Filer upstart Qumulo rubs out mirroring, slots in erasure coding

Re: Reed-Solomon erasure coding offers +4 and +5 protection with +2 overhead

Terrible phrasing. An RS code is characterised directly as a ratio, m/n >= 1 where m is the number of "shadows" or "shares" (I forget the usual nomenclature) produced and stored, and n is the number of such "shadows" needed to decode the data.

I assume that +2 overhead means that m/n = 3. That is, the encoded data takes up 3 times as much space, which is an overhead of 200%. Rewrite this as m=3n (eq. a).

Usually, when talking about erasure codes, people talk about how many "erasures" (ie, missing shadows) the scheme can tolerate. So I assume that "+x protection" is simply counting the number of such erasures. This gives two more equations:

• "+4 protection": m - n = 4 (eq. b)
• "+5 protection": m - n = 5 (eq. c)

Substitute equation a into b and you get an answer n = 2, m = 6. This is like saying the data is spread over 6 disks and data can be recovered if up to 4 of those disks fail.

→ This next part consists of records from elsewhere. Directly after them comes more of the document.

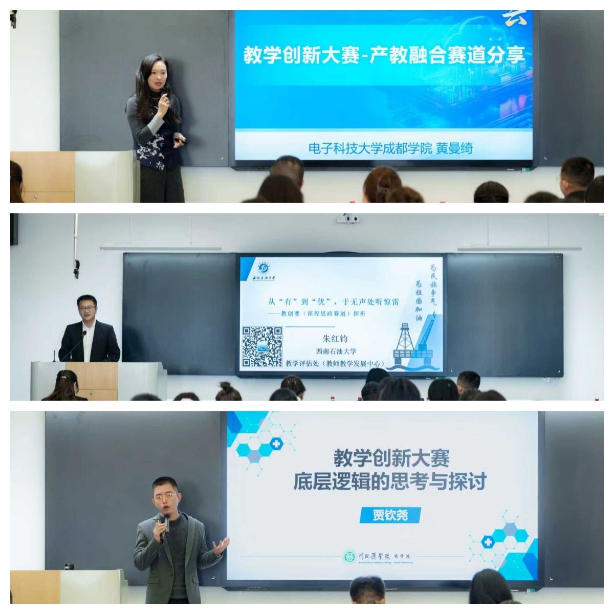 培训环节,黄曼绮教授聚焦产教融合赛道,从创新报告撰写、课堂实录要点、教学汇报设计等方面分享了参赛经验;朱红钧教授围绕课程思政赛道,分析了思政教学常见问题并提出优化路径,结合典型案例阐释了专业与思政的深度融合;贾钦尧副教授基于新医科背景,从课程重构与实践改革角度探讨了教学创新的底层逻辑。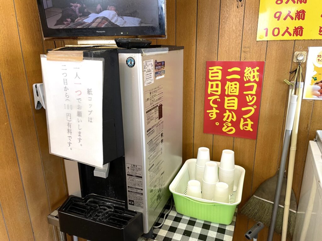 紙コップは2個目から有料で100円ですが、2個目を使われた別のお客さんがしっかりとお代に乗っているのを目撃しました。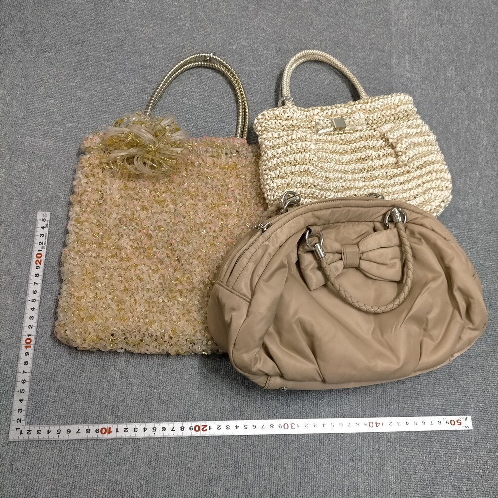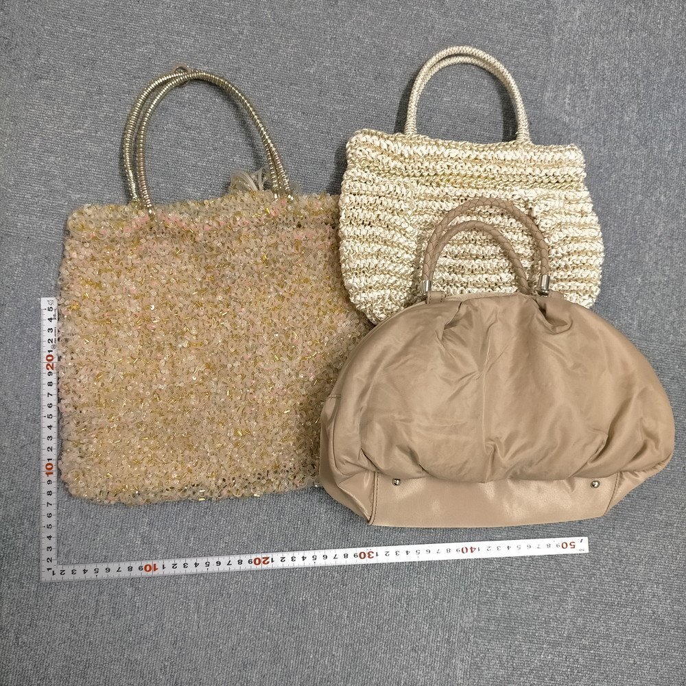 状態備考 : ANTEPRIMA(アンテプリマ)のバッグ3点セットです。きらめきのあるビーズ編み風トート、やわらかな編みデザインのハンドバッグ、落ち着いたベージュのふんわりバッグと、アンテプリマらしい上品で華やかな雰囲気のアイテムが揃っています。軽くて扱いやすく、コーデのアクセントとしても活躍する実用的なセットです。中古品のため、全体的に薄汚れ・スレ・軽い型くずれ・金具のくすみなどの使用感はありますが、大きな破れや重大なダメージはなく、まだまだご使用いただける状態です。ビーズ調のバッグは存在感があり、編みバッグはナチュラルで可愛い印象、ベージュバッグは普段使いにぴったりです。サイズは写真のメジャーをご参照いただき、付属品は掲載画像のものがすべてになります。アンテプリマ好きの方や、季節問わず使えるバッグをまとめてお探しの方におすすめです。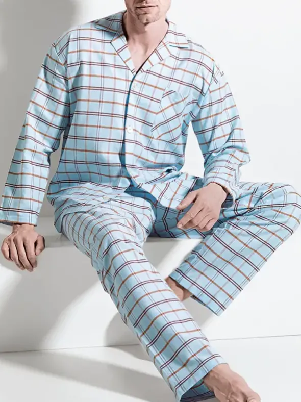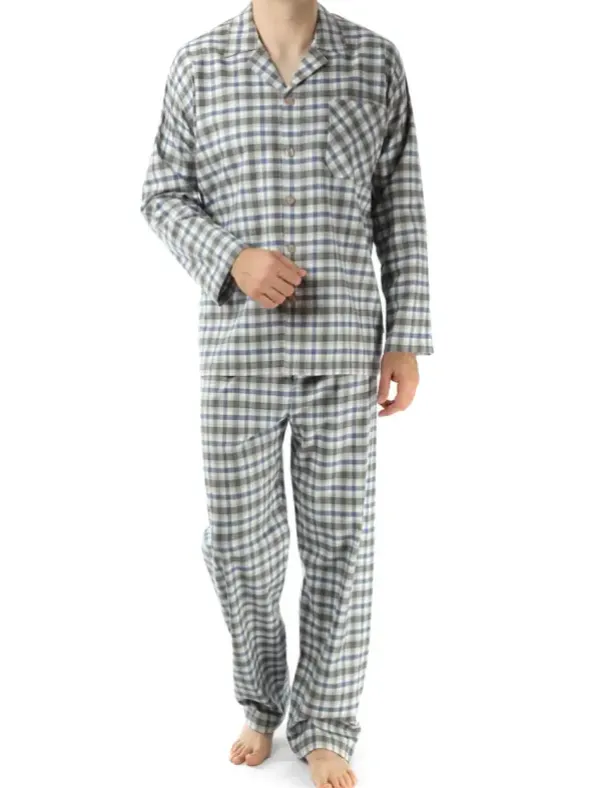 ISA Herren Flanell Schlafanzug aus der Serie Night and Home – eleganter Pyjama mit aufgesetzter Brusttasche und durchgehender Knopfleiste im modischen Karomuster. Die ISA Nightwear besticht durch hohe Qualität und akkurate Verarbeitung. Verwöhnen Sie sich mit diesem Herren Pyjama und genießen Sie den erstklassigen Tragekomfort.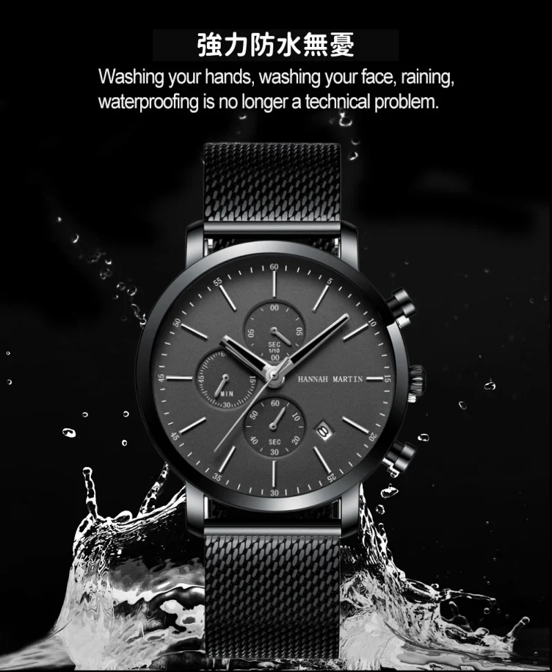 男錶・暗夜主理 | 港風型男商務休閒手錶 | 日本精工天馬渡機芯 | 米蘭尼斯鋼帶 | 30米防水 | HANNAH MARTIN氣質小資男士商務休閒手錶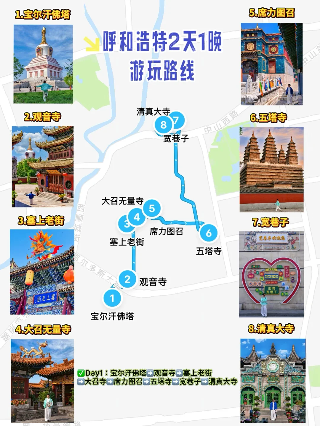 ✅Day1:宝尔汗佛塔➡️观音寺➡️塞上老街➡️大召寺➡️席力图召➡️五塔寺➡️宽巷子➡️清真大寺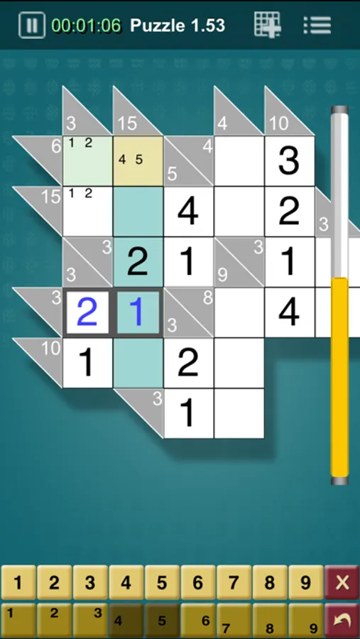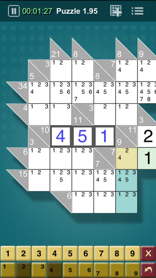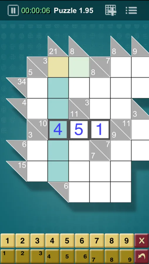 * 'Auto-complete' – This feature auto-fills a cell when only one possible answer remains. For instance, if you have a 2-cell row with a sum of 6, if you enter a 5 in one cell, the other cell will automatically be filled with a 1.

Substituting a into c gives a nonsensical solution of n = 2.5. This is nonsense because m and n have to be integers. I assume that what's implied here is that 5 erasures are tolerated (eq. c) and that the overhead is no more than 200% (m/n < 3). This has an infinite number of solutions. Looking at the sequence 6/1, 7/2, 8/3, 9/4, 10/5, ... (ie, all the schemes that tolerate exactly 5 erasures), the first one that satisfies m/n < 3 is 8/3, so I'm going to to call that the answer: there are 8 shadows, any three of which can reconstruct the data, for an overhead of 166.6%.